И палату огласил хриплый смех.
– А где ты служил? – поинтересовался Сахарный. – И что с ногами?
– Не поверишь – на Эброне, – Конноли покачал головой. – А ноги, судя по тому, что мне рассказали, побывали в лужице из расплавленного металла.
– Где ты такую нашел? – хмыкнул Роберт.
– Там, где не ожидал, – ирландец скривился, рубцы на его лице задвигались, создавая впечатление, что происходит маленькое землетрясение. – Я в боях не должен был участвовать, но форсеры отыскали нашу базу, раздолбали за несколько часов и утащили всех трупаков…
– Каких трупаков? – Сахарный сел на кровати.
– А своих. Научная база «Гравий» – вот как называлось то место, которое я охранял, прежде чем попасть сюда. Ее создали недели две назад, свезли кучу умников с большими головами…
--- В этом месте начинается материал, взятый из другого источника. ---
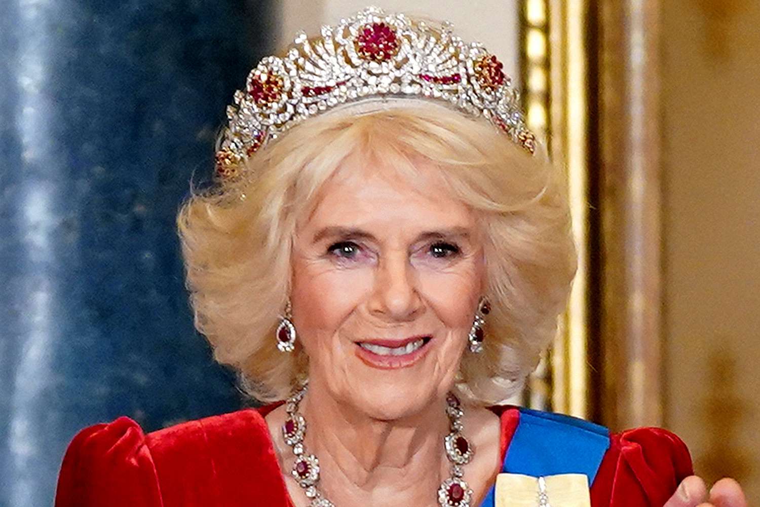 La sera, al banchetto di stato, il protagonista è ancora il rosso, ma stavolta è la Queen Consort ad attrarre tutti gli sguardi. Dai forzieri reali ha preso la Burmese Ruby Tiara, la cui storia abbiamo raccontato qui; Vi piacciono i rubini? La Burmese Ruby Tiara. Queen Elizabeth, che l’aveva commissionata a Garrard negli anni ’70, l’aveva poi indossata nel corso di una precedente visita ufficiale sudcoreana; perché come sappiamo nulla è lasciato al caso, mai. Al sontuoso diadema – che secondo me sta meglio a lei che alla sua prima proprietaria – Camilla ha abbinato collana e orecchini del set Crown Ruby, dono di Prince Albert alla moglie Queen Victoria da abbinare all’Indian Circlet; come quello, la versione originale prevedeva degli opali, poi sostituiti dai rubini da Queen Alexandra, che non li amava (e pensava portassero pure iella). Colpo da maestra, il favoloso abito in velluto rosso rubino di Fiona Clare che le sta d’incanto. Strachic.

– И они изучали форсеров? – спросил Роберт, вспоминая странный приказ не уничтожать трупы врагов, а сохранять их и отдавать специальным «научным командам».
– Ну да, – Конноли поднял руку и осторожно почесался. – Ух, зудит-то как… Не то что изучали, а потрошили, точно кур. Я несколько раз стоял на часах у лаборатории, такого насмотрелся. Кровища там хлестала, как на поле боя… А еще расковыривали их плазменное оружие, чтобы выяснить, как оно действует. Только вот не успели особо ничего понять, как форсеры заявились сами и устроили научной базе «Гравий» небольшой кирдык…
– Много кому они его устроили, – проговорил Сахарный, вновь укладываясь. – Без вопросов.
В палату заглянула Жанна.
– Так, Кузнецов, сейчас я займусь вами… – проговорила она с напускной суровостью. – А вы лежите! Рано еще вставать! А то обратно все намотаем, да еще и к кровати привяжем!
Конноли развел руками и покорно лег.
Новенький напоминал скорее труп, чем человека. Грудь его охватывала плотная повязка, дыхание было хриплым и неровным, а лицо – белым, точно маска из алебастра.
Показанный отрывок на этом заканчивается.